In einer Projektwoche unter dem Stichwort „Gewalt“ stand 1994 am FMG das Thema „Gewalt gegen sich selbst: Selbstmord“ neben 24 weiteren Themen zur Auswahl. Zu diesem Thema mussten wegen des großen Interesses vier Arbeitsgruppen gebildet werden (genau wie zum Thema „Sport und Gewalt“); eine davon habe ich geleitet.
Zu Beginn sollten die Schüler über einen Fragebogen ihr Interesse am Thema klären. Dabei kam heraus,
- dass sie sich i. W. für die Problematik von Jugendlichen interessierten,
- dass sie das Thema medizinisch-psychologisch statt literarisch behandeln wollten,
- dass sie wissen wollten, ob es ein Recht auf Selbstmord gibt,
- dass sie sich schon einmal mit dem Thema auseinandergesetzt hatten,
- dass sie Leute kannten, die den Gedanken an Suizid erwogen hatten,
- dass sie kein Material zum Thema besaßen,
- dass sie Beratungsstellen für Suizidgefährdete kennenlernen wollten;
- das Interesse für Gründe des Suizids und für den Umgang mit Suizidgefährdeten war halbe-halbe geteilt.
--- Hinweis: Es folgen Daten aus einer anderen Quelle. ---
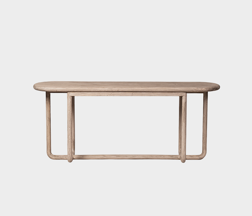 With soft lines and architectural presence, this console features a contemporary design with sculptural appeal. The oval wooden top is paired with a symmetrical, rounded-leg base, offering a sense of visual lightness, flow, and sophistication. A statement piece, ideal for entryways, living rooms, or gallery-like spaces with a focus on elegance and originality.

Von dem von mir vorbereiteten Material wurden eingesetzt:
Wedler, Hans-L.: Gerettet? Begegnungen mit Menschen nach Selbstmordversuchen, 1979, S. 61-65 (Bericht der Lisa E.)
Jacobs, Jerry: Selbstmord bei Jugendlichen. Erklärung, Verhinderung, Hilfe, 1974, S. 51-53 (Fallstudie einer jugendlichen Suizidentin)
Stengel, Erwin: Selbstmord und Selbstmordversuch, 1969, S. 65-67 (Auswertung des fiktiven Berichts eines Außerirdischen, der Selbstmorde von Menschen beobachtet)
Popitz, Heinrich: Drohen und Bedrohtsein, in: Phänomene der Macht, 2. Aufl. 1992, S. 80-85 (zur Drohung mit dem Selbstmord)
Stengel, Erwin: a.a.O., S. 118-122 (Zweifel an den Erklärungen und Gründen des Selbstmords, Plädoyer für die lebenserhaltenden Kräfte)
Außer mir war noch eine Schülermutter in der Gruppenleitung aktiv, die als Sozialpsychologin fachlich kompetent war.
Das Fazit des von Stengel einführten Außerirdischen lautet: „Es sieht so aus, als ob ihr eigentümliches Verhalten nicht aus einer einzigen Tendenz allein hergeleitet werden kann, sondern wahrscheinlich auf eine Kombination von mindestens zwei Tendenzen zurückzuführen ist, nämlich auf den Drang zur Selbstverletzung, möglicherweise zur Selbstvernichtung und auf das Verlangen, andere Menschen zur Äußerung von Sorge und Liebe und zu einem entsprechend fürsorglichen Handeln zu bewegen.“
Mir war das Thema durch Jean Amérys eindrucksvolles Buch „Hand an sich legen. Diskurs über den Freitod“ (1976) und durch einen Suizidversuch in der Verwandtschaft bekannt. Der Bruder einer Schülerin der Arbeitsgruppe hat sich später das Leben genommen – ein künstlerisch begabter Schüler (B. K.), von dem ich zwei Bilder besitze. Ihm und Jean Améry sei dieser Rückblick gewidmet.